The relationship between your business, your research, and your consumers is like an Oreo cookie. Your business is the face of the Oreo, with the logo that makes it distinct and recognizable as a top-notch snack. Your consumers are the bottom cookie, supporting your business, making the whole package sweeter and easier to handle.
But what is the key to an Oreo? It’s not the cookies. It’s the cream.
Research is the creamy filling that binds your business to your customers. And it can make the future of your relationship easier by giving you those tools and the information you need to continue to define it on mutually beneficial terms. And when has having an Oreo not made your life easier, anyway?

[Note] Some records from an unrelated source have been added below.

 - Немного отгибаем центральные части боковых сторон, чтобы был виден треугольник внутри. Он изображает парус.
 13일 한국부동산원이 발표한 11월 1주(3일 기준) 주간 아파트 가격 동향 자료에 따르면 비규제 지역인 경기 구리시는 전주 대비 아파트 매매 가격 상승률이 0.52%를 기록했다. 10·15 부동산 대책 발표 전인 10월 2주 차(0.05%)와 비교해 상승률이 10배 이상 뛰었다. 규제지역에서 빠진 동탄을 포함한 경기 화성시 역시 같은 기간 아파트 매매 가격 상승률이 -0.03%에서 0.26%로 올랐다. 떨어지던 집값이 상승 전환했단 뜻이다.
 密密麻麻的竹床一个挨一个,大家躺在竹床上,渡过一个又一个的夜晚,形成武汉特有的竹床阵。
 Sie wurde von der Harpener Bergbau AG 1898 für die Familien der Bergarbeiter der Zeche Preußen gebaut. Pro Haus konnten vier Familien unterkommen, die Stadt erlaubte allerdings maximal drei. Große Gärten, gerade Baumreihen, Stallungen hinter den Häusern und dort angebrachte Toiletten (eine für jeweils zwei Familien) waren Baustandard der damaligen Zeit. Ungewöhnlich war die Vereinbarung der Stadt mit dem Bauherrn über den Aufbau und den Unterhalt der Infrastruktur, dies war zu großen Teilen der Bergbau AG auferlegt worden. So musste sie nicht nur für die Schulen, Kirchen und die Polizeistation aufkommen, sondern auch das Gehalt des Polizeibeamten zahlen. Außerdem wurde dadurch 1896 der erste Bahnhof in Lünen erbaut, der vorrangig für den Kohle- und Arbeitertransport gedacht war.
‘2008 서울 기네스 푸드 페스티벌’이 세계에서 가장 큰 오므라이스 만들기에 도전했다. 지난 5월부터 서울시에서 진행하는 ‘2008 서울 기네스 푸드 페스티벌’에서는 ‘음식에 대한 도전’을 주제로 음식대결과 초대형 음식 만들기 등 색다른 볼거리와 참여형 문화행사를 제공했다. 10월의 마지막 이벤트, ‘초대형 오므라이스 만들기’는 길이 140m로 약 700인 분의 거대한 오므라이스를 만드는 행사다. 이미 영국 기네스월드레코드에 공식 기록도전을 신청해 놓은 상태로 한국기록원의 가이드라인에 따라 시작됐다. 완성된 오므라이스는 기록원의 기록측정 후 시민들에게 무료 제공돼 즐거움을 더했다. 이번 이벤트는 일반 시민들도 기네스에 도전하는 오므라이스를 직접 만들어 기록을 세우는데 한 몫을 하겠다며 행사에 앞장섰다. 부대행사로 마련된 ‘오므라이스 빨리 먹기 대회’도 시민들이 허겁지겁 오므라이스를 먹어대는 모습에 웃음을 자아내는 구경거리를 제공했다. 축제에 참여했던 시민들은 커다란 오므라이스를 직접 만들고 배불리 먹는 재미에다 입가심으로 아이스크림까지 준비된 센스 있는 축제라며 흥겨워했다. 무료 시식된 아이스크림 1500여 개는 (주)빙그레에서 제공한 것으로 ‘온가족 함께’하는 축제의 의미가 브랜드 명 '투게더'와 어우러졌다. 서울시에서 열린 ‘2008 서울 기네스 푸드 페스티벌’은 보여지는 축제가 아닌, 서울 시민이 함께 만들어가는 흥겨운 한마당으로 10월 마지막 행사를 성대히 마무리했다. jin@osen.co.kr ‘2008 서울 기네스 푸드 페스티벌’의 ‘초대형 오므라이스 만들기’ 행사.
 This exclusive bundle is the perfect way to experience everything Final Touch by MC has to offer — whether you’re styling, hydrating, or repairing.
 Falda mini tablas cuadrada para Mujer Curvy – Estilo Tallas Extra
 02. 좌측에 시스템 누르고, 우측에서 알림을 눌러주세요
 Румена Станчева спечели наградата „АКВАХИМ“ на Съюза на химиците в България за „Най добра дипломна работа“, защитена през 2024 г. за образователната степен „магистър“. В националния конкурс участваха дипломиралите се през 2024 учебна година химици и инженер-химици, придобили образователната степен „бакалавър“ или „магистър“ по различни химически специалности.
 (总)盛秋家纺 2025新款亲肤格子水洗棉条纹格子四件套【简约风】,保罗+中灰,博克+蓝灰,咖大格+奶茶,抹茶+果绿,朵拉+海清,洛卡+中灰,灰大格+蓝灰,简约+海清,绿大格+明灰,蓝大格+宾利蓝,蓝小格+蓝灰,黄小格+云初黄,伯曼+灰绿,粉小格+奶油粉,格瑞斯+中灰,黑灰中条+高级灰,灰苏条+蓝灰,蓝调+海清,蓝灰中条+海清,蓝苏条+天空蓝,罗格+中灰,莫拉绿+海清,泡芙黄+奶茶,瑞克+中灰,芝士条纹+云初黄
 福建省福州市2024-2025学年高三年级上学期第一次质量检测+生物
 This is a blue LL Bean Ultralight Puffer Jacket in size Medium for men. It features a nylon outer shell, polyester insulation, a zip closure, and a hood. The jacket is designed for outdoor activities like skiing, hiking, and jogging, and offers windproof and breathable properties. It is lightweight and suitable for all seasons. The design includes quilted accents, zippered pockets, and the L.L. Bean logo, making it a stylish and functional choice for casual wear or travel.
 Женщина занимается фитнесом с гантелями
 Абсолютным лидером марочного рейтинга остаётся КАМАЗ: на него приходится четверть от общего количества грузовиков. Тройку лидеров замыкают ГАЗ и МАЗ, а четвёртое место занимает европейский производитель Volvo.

Research gives you a way to look at your market holistically—connecting you with all of your customers (existing and potential). Challenge yourself to become familiar with both of these groups because each has something to offer and therefore, something for you to gain.
Research also encompasses a multitude of tools and strategies. Below, I cover segmentation, panel use, and concept testing; 3 key methods that ensure your connection to your consumers becomes an even stronger one.
Segmentation will help you get to know your existing, as well as your potential customers, even better. It is a way to identify homogenous groups of people with similar interests and needs out of a heterogeneous population.
If you’re in new product development and you want to fill in a gap in your product line, needs-based segmentation is a good way to anticipate what your market wants and identify white space in the market. If you find that a segment of your consumers say they love your product but desire a portable version, perhaps that’s your next step.
On the other hand, attitudinal segmentation might be useful if you want to market existing products to more customers, thereby expanding your market share. You can identify who your best customers are, who could be, and how to appeal to what’s important to them.
For example, if your company identifies that there is a large segment of consumers who think it is just too difficult to switch insurance companies, you would try to make a campaign that shows them just how easy it is to do so.
Richness can be added to both a needs-based and attitudinal segmentation through the incorporation of behavioral data. This data reflects transactional situations such as actions taken (like purchases), interests (like subscriptions), and lifestyle factors (like memberships). Read our blog on the power of customer segmentation by CEO David Wilson.
Another research strategy involves using a custom-built online panel of your trusted customers who can provide feedback about your business strategies. This allows you to get to know your existing customers better while reducing the costs of your research by providing a reliable sample source. You also have the option to append other useful data such as segments, geo-codes, transactional data, and rate plans.
Feedback from a panel will help you understand not only who likes and uses your products, but why they do and what factors influence their purchasing behaviors. Narrowing down your existing customer base through data appending will help make your marketing campaigns more specific and therefore, more successful and profitable.
3. Concept testing
Finally, through concept testing you can gauge consumer reactions to ideas before they go to market. Keep in mind that concepts are not just limited to new products and services. They can also include packaging, naming, pricing, and messaging.
Concepts need to get people’s attention (think “Double Stuf Oreo”). This might be evaluated through measurements such as appeal and uniqueness. Concept testing can also identify strengths and weaknesses, allowing you to refine your concept and improve the chances of acceptance in the marketplace.
You can help get the competitive advantage you need in the market by using these 3 research methods. Once you’ve got the cream, why not cram it between 2 delicious chocolate cookies to create a best seller like the Oreo?